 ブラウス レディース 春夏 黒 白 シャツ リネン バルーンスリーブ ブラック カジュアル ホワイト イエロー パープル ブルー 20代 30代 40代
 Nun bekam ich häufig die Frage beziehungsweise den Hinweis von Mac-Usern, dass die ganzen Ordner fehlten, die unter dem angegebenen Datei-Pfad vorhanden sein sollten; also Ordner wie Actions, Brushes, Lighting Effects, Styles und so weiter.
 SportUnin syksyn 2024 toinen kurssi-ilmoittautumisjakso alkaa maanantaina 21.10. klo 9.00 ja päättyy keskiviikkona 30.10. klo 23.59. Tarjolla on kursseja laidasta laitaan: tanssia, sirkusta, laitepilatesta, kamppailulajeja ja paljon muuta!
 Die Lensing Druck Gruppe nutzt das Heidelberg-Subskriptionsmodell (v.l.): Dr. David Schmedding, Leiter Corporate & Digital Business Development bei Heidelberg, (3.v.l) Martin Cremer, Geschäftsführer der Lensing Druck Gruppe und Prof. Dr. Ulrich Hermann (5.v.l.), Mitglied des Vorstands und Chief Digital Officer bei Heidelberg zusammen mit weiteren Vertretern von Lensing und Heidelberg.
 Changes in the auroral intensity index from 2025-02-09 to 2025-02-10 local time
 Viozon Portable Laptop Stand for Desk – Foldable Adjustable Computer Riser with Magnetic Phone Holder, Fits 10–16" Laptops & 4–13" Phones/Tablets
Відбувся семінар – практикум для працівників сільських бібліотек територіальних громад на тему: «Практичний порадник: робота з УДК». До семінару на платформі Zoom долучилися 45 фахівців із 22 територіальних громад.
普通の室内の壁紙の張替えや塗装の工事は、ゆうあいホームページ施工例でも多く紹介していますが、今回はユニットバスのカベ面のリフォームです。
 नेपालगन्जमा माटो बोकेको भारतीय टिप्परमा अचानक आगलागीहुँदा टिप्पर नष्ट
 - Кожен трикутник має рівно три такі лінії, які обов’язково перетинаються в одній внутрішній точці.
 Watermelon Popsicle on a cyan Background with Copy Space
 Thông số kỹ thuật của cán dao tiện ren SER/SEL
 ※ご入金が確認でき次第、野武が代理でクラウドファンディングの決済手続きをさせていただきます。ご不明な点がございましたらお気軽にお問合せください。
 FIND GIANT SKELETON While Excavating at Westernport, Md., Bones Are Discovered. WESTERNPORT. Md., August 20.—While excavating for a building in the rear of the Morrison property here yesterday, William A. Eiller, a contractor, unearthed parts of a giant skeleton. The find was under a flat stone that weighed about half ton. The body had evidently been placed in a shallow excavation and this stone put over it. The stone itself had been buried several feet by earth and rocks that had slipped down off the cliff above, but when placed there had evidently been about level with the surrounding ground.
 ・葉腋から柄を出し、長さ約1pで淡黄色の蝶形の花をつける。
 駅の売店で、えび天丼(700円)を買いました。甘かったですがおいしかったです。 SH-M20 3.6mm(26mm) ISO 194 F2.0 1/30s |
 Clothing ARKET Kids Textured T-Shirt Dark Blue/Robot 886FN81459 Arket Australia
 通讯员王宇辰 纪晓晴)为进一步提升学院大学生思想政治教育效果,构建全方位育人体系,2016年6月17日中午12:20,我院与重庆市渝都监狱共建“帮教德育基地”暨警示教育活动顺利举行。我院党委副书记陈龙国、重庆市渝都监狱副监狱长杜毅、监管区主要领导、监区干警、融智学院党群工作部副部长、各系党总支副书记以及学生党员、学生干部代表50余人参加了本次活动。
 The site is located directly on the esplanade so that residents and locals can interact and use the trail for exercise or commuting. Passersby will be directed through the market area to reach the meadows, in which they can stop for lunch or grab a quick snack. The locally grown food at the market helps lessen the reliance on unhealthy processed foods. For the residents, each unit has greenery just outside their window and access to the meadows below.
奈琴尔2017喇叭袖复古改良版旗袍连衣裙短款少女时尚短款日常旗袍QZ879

* [Exercise objective]:
Go through the listing above and return each line where the word "with" occurs.

* [Task solution]:
 Viozon Portable Laptop Stand for Desk – Foldable Adjustable Computer Riser with Magnetic Phone Holder, Fits 10–16" Laptops & 4–13" Phones/Tablets
 Watermelon Popsicle on a cyan Background with Copy Space
 FIND GIANT SKELETON While Excavating at Westernport, Md., Bones Are Discovered. WESTERNPORT. Md., August 20.—While excavating for a building in the rear of the Morrison property here yesterday, William A. Eiller, a contractor, unearthed parts of a giant skeleton. The find was under a flat stone that weighed about half ton. The body had evidently been placed in a shallow excavation and this stone put over it. The stone itself had been buried several feet by earth and rocks that had slipped down off the cliff above, but when placed there had evidently been about level with the surrounding ground.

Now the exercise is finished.